Amazon Fraud Detector is a managed service that uses machine learning to identify potentially fraudulent activity in real time. It combines your historical fraud data with Amazon’s fraud detection expertise (patterns learned from AWS and Amazon.com) to train models that score transactions, account registrations, or any event for fraud risk. The service is designed so that fraud analysts and application developers can build and deploy detection models without deep ML knowledge.

Official documentation: https://docs.aws.amazon.com/frauddetector/ Pricing: https://aws.amazon.com/fraud-detector/pricing/

Core Concepts

Event Type - Defines the schema of the activity you want to evaluate. For an online payment event, the schema might include IP address, email, transaction amount, card BIN, and device fingerprint. Each event type has associated entity types (the actor, such as a customer or merchant) and labels (legitimate or fraudulent).

Model - A trained ML model. Fraud Detector supports two model types: Online Fraud Insights (OFI), which uses your data plus Amazon’s internal fraud patterns, and Transaction Fraud Insights (TFI), which adds payment-specific features like card velocity and address verification. You provide labeled historical data (events marked as fraud or legitimate), and the service trains a model automatically.

Detector - The evaluation engine. A detector combines one or more models with rules to produce outcomes. When you send an event to a detector, it scores the event using the model, evaluates rules against the score and event attributes, and returns an outcome.

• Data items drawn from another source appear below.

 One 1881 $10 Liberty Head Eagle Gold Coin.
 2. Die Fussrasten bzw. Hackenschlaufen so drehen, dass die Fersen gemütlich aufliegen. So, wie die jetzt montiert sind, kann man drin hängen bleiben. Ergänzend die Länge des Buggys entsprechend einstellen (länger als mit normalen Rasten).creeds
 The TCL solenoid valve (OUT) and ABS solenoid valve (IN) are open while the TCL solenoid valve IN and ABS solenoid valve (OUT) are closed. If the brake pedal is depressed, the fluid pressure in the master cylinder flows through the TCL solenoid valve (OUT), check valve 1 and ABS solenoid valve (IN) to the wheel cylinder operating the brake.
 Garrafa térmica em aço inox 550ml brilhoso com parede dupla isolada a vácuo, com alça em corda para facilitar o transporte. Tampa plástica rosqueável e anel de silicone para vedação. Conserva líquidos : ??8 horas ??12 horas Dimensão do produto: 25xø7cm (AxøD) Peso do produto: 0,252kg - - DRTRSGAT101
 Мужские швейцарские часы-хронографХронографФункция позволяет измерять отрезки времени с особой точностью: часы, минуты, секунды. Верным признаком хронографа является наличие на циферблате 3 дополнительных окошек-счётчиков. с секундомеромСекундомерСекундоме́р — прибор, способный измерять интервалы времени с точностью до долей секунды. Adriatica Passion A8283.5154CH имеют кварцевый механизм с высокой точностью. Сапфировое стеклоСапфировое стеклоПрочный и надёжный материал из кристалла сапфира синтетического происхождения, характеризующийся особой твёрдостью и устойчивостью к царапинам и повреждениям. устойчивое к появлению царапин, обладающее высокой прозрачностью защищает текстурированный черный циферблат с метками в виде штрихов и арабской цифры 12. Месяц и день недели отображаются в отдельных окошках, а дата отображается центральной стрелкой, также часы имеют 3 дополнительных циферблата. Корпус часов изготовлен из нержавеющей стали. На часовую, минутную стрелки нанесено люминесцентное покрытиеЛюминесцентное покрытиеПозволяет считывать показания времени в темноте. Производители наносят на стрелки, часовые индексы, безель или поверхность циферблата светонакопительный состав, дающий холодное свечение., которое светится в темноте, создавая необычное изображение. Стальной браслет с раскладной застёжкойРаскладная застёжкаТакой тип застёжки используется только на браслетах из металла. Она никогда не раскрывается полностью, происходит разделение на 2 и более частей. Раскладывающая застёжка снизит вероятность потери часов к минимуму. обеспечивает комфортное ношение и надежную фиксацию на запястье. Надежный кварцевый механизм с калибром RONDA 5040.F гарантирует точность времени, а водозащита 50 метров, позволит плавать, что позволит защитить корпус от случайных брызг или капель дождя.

Rules - Business logic that maps model scores and event attributes to outcomes. For example: if model score > 900, outcome is “block”; if model score > 700 and email domain is a free provider, outcome is “review”; otherwise outcome is “approve.” Rules give fraud analysts direct control over decision thresholds without retraining models.

Outcomes - The actions associated with rule matches. Typical outcomes are approve, review, and block. Your application receives the outcome and acts accordingly.

Building a Fraud Detection Model

The workflow follows a structured sequence. First, define the event type with all relevant variables. Second, upload historical data to S3 in the required format (CSV with event variables, timestamps, and fraud labels). Third, create and train a model. Fraud Detector handles feature engineering, algorithm selection, and hyperparameter tuning automatically. Training typically takes 1-4 hours depending on data volume.

After training, Fraud Detector provides a model performance report including AUC-ROC, score distributions for fraud and legitimate events, and confusion matrix metrics at various thresholds. Review these carefully: a model with high AUC but poor calibration can still produce poor business outcomes.

Data Requirements

The minimum training data is 10,000 events with at least 500 fraud labels. In practice, models improve significantly with more data. The fraud rate in your training data does not need to match the production fraud rate; Fraud Detector handles class imbalance internally.

Data quality is paramount. Common pitfalls include labeling delays (fraud discovered weeks after the event, leading to mislabeled training data), survivorship bias (training only on transactions that passed existing rules), and feature leakage (including variables that are only available after the fraud decision).

Real-Time Evaluation

The GetEventPrediction API evaluates an event in real time, typically returning a result in under 100ms. The response includes the model score, matched rules, and resulting outcome. Integrate this into your transaction flow at the decision point: after the user submits a payment but before the charge is authorized.

For high-volume applications, the API supports up to 2,000 TPS per detector by default, with higher limits available through a service quota increase request.

Rules vs Model Scores

The combination of ML scores and deterministic rules is what makes Fraud Detector practical for production use. Models catch nuanced patterns that rules miss. Rules handle known fraud patterns immediately without waiting for model retraining. Fraud analysts can adjust rule thresholds in real time as fraud patterns shift, while model retraining happens on a scheduled basis (monthly or quarterly).

Pricing

Fraud Detector charges per event evaluated and per model training hour. The per-event cost decreases at higher volumes. For planning purposes, the evaluation cost is the dominant factor: estimate your monthly transaction volume and multiply by the per-event rate. Training costs are periodic and typically small relative to evaluation costs at production scale.